## ABOUT THIS EXERCISE:
Copy each record below exactly, please, and leave its pictures out.

RECORDS PROVIDED section start

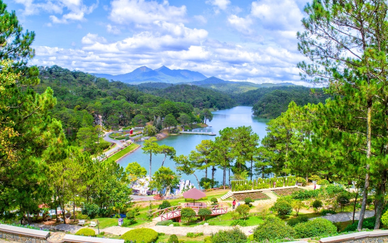 Entourée de forets de pins, de vallees verdoyantes, de lacs et de cascades, Dalat bénéficie d’un climat frais et tempéré toute l’année, ce qui lui vaut le surnom de « ville de l’éternel printemps ». Sa situation géographique en fait une halte idéale entre le sud tropical du pays et les régions montagneuses plus reculées comme Buon Ma Thuot ou Pleiku.
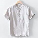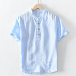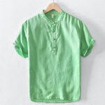 Be the first to review “Buddha Stones Solid Color Half Button Design Stand Collar Men’s Short Sleeve Cotton Linen Shirt”
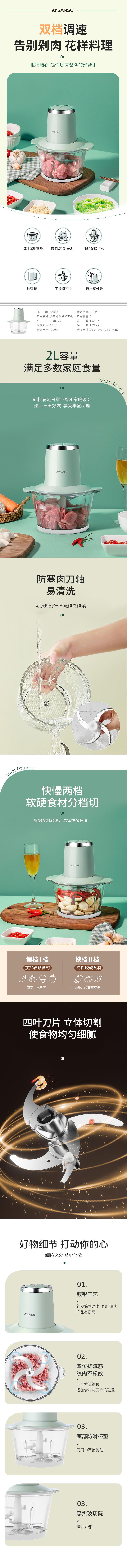• 300W大功率强力电机旋风秒绞,2升大容量一次满足全家需求
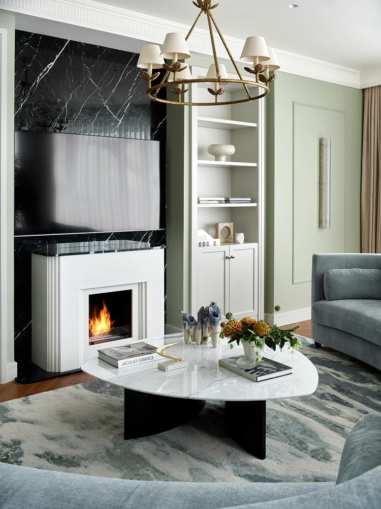 Изогнутую линию остекления повторяют полукруглые диваны. Их дизайн вдохновлен работами Владимира Кагана. Между диванами располагается биокамин — маленькая мечта заказчицы. Портал сделан из белоснежного мрамора, боковые элементы перекликаются с рисунком гипса на колонне и рифлеными фасадами кухни.
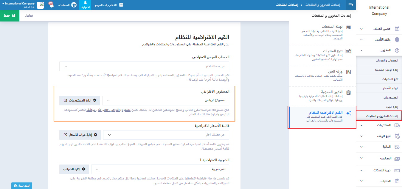 يمكننا تعيين مستودع افتراضي مختلف لهذا الفرع بنفس الطريقة، بالضغط على “إعدادات المخزون والمنتجات” المنسدلة عن “المخزون” بالقائمة الرئيسية ثم اختيار المستودع المراد تعيين كافتراضي من القائمة المنسدلة عن حقل “المستودع الافتراضي” في هذا المثال نختار “مخزن فرع الرياض” ثم نضغط على زر “حفظ”.
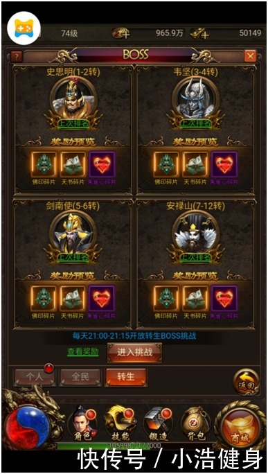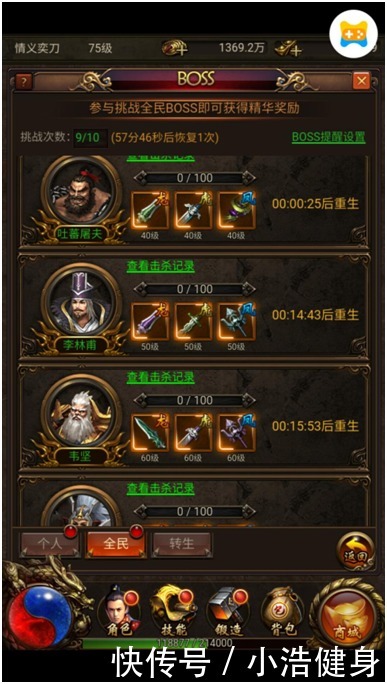 (Ps:全民、转生boss是按伤害排名给予奖励,各位将军除了要有强劲实力外,还要记得抢占先机哦。)

RECORDS PROVIDED section end

## SOLUTION TO THIS TASK:
 Entourée de forets de pins, de vallees verdoyantes, de lacs et de cascades, Dalat bénéficie d’un climat frais et tempéré toute l’année, ce qui lui vaut le surnom de « ville de l’éternel printemps ». Sa situation géographique en fait une halte idéale entre le sud tropical du pays et les régions montagneuses plus reculées comme Buon Ma Thuot ou Pleiku.
 Be the first to review “Buddha Stones Solid Color Half Button Design Stand Collar Men’s Short Sleeve Cotton Linen Shirt”
• 300W大功率强力电机旋风秒绞,2升大容量一次满足全家需求
 Изогнутую линию остекления повторяют полукруглые диваны. Их дизайн вдохновлен работами Владимира Кагана. Между диванами располагается биокамин — маленькая мечта заказчицы. Портал сделан из белоснежного мрамора, боковые элементы перекликаются с рисунком гипса на колонне и рифлеными фасадами кухни.
 يمكننا تعيين مستودع افتراضي مختلف لهذا الفرع بنفس الطريقة، بالضغط على “إعدادات المخزون والمنتجات” المنسدلة عن “المخزون” بالقائمة الرئيسية ثم اختيار المستودع المراد تعيين كافتراضي من القائمة المنسدلة عن حقل “المستودع الافتراضي” في هذا المثال نختار “مخزن فرع الرياض” ثم نضغط على زر “حفظ”.
 (Ps:全民、转生boss是按伤害排名给予奖励,各位将军除了要有强劲实力外,还要记得抢占先机哦。)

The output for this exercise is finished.